Q: What is the meta device pattern? What does model.to_empty(device) do?
meta device creates tensors with shapes and dtypes but no memory allocation — useful for building large models without OOM during init. to_empty(device) allocates real memory on the target device but leaves values uninitialized (garbage). Then init_weights() fills them. This differs from model.to(device) which would try to copy the (nonexistent) meta tensor data.
Q: inv_scale = scale.reciprocal() vs 1/scale?
Functionally identical for scalars. .reciprocal() is a method that stays in the tensor computation graph, while 1/scale calls torch.div. In practice no measurable difference — it’s a style choice.
Q: ColoredFormatter.COLORS — class variable or instance variable?
Class variable. Defined directly in the class body (not in __init__), shared across all instances.
Q: Why s = 3**0.5 * n_embd**-0.5 for weight init?
The goal is U(-s, s) with variance matching N(0, 1/n_embd). Variance of U(-s, s) is s²/3. Setting s²/3 = 1/n_embd gives s = sqrt(3/n_embd) = 3^0.5 * n_embd^(-0.5).
Derivation of Var(U(-s,s)) = s²/3:
Var = E[X²] - E[X]² = E[X²] - 0
E[X²] = ∫₋ₛˢ x²·(1/2s) dx = (1/2s)·[x³/3]₋ₛˢ = (1/2s)·(2s³/3) = s²/3
Q: Is apply_rotary_emb’s rotation direction correct?
Yes. The rotation is applied in the opposite direction compared to the standard formulation, but since both Q and K are rotated the same way, the signs cancel in the Q·K dot product. The relative rotation (which encodes relative position) is preserved.
Q: Why short_window = -(-long_window // 4 // 128) * 128?
Double negation implements ceiling division. -(-x // n) = ceil(x/n). This computes ceil(long_window / 4) rounded up to the next multiple of 128 (for tensor core alignment).
Flash Attention and FP8
Q: Why is Flash Attention 3 loaded via kernels.get_kernel(...)?
FA3 requires Hopper (SM90) and isn’t in PyTorch’s standard distribution. HuggingFace’s kernels package provides pre-built wheels that can be fetched at runtime: get_kernel('varunneal/flash-attention-3'). Falls back to SDPA on non-Hopper GPUs.
Q: What does the SDPA fallback do for sliding window?
SDPA doesn’t natively support sliding window, so the code builds explicit boolean attention masks. For chunk inference (where Tq != Tk), it also handles the offset between query and key positions. The mask is constructed to only allow attention within the window size.
Q: In fp8.py, what is rowwise vs tensorwise scaling?
Nanochat uses tensorwise scaling: one scale factor per entire tensor (scale = FP8_MAX / max(|tensor|)). Rowwise would compute a separate scale per row — finer grained but more overhead. Tensorwise is simpler and sufficient here.
Data Loading
Q: How do documents become batches in the dataloader?
_document_batches is an infinite iterator over parquet row groups, sharded by rank (rg_idx += ddp_world_size).
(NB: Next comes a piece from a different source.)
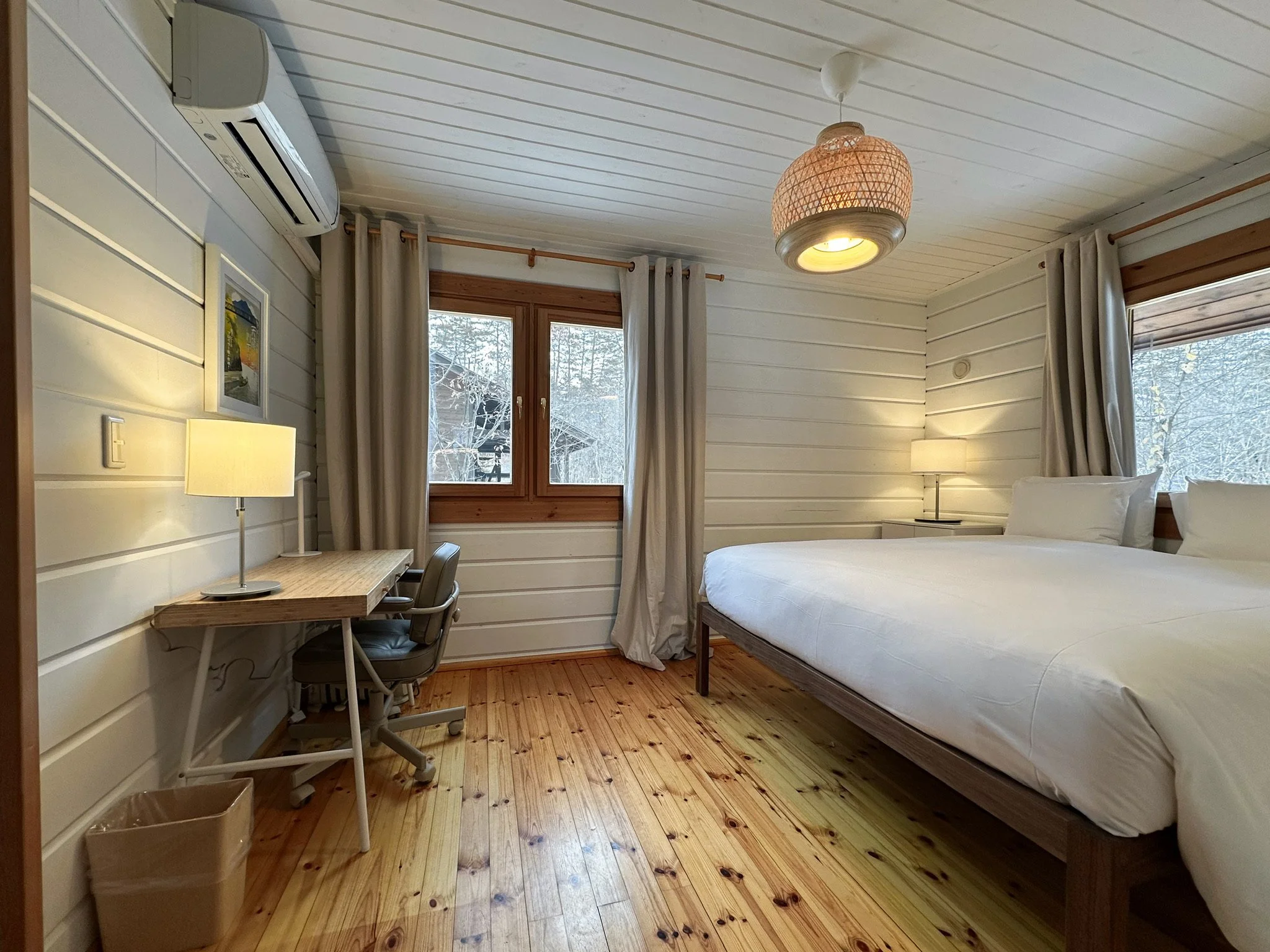 Yukiguni is a chic modern log cabin thoughtfully designed to provide a cosy haven nestled at the base of the Japanese alps.

Documents are tokenized, then tokenizing_distributed_data_loader_with_state_bos_bestfit packs multiple documents per row using BOS-aligned best-fit packing. A pre-allocated pinned CPU buffer collects packed rows, then a single HtoD transfer moves the batch to GPU. ~100% sequence utilization, ~35% document crop waste.
Q: Can one row include more than one document?
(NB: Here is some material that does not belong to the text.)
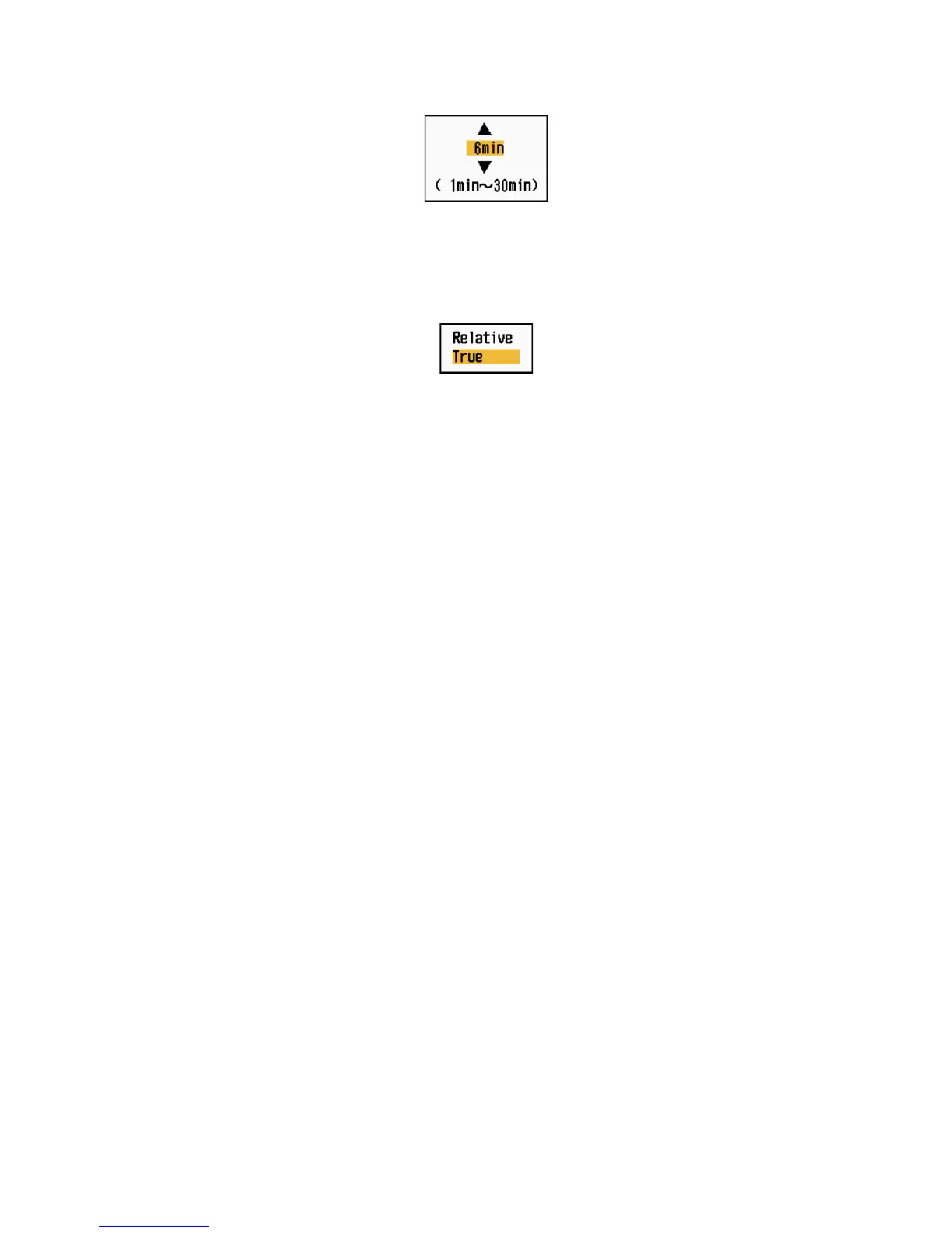 6. Use the Cursorpad (S or T) to select [Relative] or [True] then press the ENTER

Yes — that’s the point of best-fit packing. Multiple documents are packed into a single sequence row, separated by BOS tokens. The model learns soft document boundaries without hard attention masks.
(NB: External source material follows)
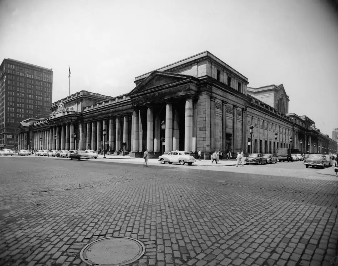 宾夕法尼亚车站曾代表着当时的总统亚历山大·卡萨特的梦想,建筑参考罗马浴场和君士坦丁堡的样式,由传奇公司McKim, Mead & White设计,建设于1906年6月开始,于1910年完工,其中车站巨大的主大厅以伦敦著名的水晶宫为蓝本,玻璃和铁制品的天花板让室内沐浴在阳光下,还使用了为项目特意进口的意大利石灰大理石,大科林斯柱高出房间18米以支撑高达45米的拱形天花板。

Q: So no PyTorch DataLoader or DistributedSampler?
Correct. All data distribution is manual. Each rank strides through row groups: rg_idx += ddp_world_size. No sampler, no DataLoader.
Q: How does attention learn to ignore cross-document tokens when packed together?
Through soft signals: BOS tokens mark boundaries, RoPE resets positional distance, and sliding window limits how far attention can reach. Experiments with varlen attention (hard boundaries) showed no benefit — the model learns effective boundaries on its own.
Q: Why was midtraining removed? (commit 1ddaad1)
The pipeline was originally 3 stages: pretrain → midtrain → SFT. Midtraining ran on the SFT data mixture (SmolTalk, GSM8K, MMLU, etc.) with the pretraining-style packed dataloader, but discarded the loss mask (ids, _ = render_conversation(...)) — so loss was on all tokens (user + assistant). It served as a domain adaptation step at pretraining-scale throughput.
The old SFT was inefficient: no sequence packing, one conversation per row, small batch sizes. It couldn’t process enough tokens for domain adaptation on its own, so midtraining bridged that gap.
Once the BOS-aligned best-fit packing dataloader was introduced, SFT was upgraded to use it — gaining the same packed throughput (total_batch_size=524288 in tokens) while retaining assistant-only loss masking. The new SFT absorbed midtraining’s role, making it redundant. The pipeline simplified to pretrain → SFT.
Distributed Training
Q: Does dist.init_process_group(backend='nccl', device_id=device) need a host/port?
Yes — NCCL needs a rendezvous point. torchrun sets environment variables MASTER_ADDR and MASTER_PORT automatically. init_process_group reads them from the environment by default.
Evaluation
Q: Explain evaluate_bpb — the where makes it complex.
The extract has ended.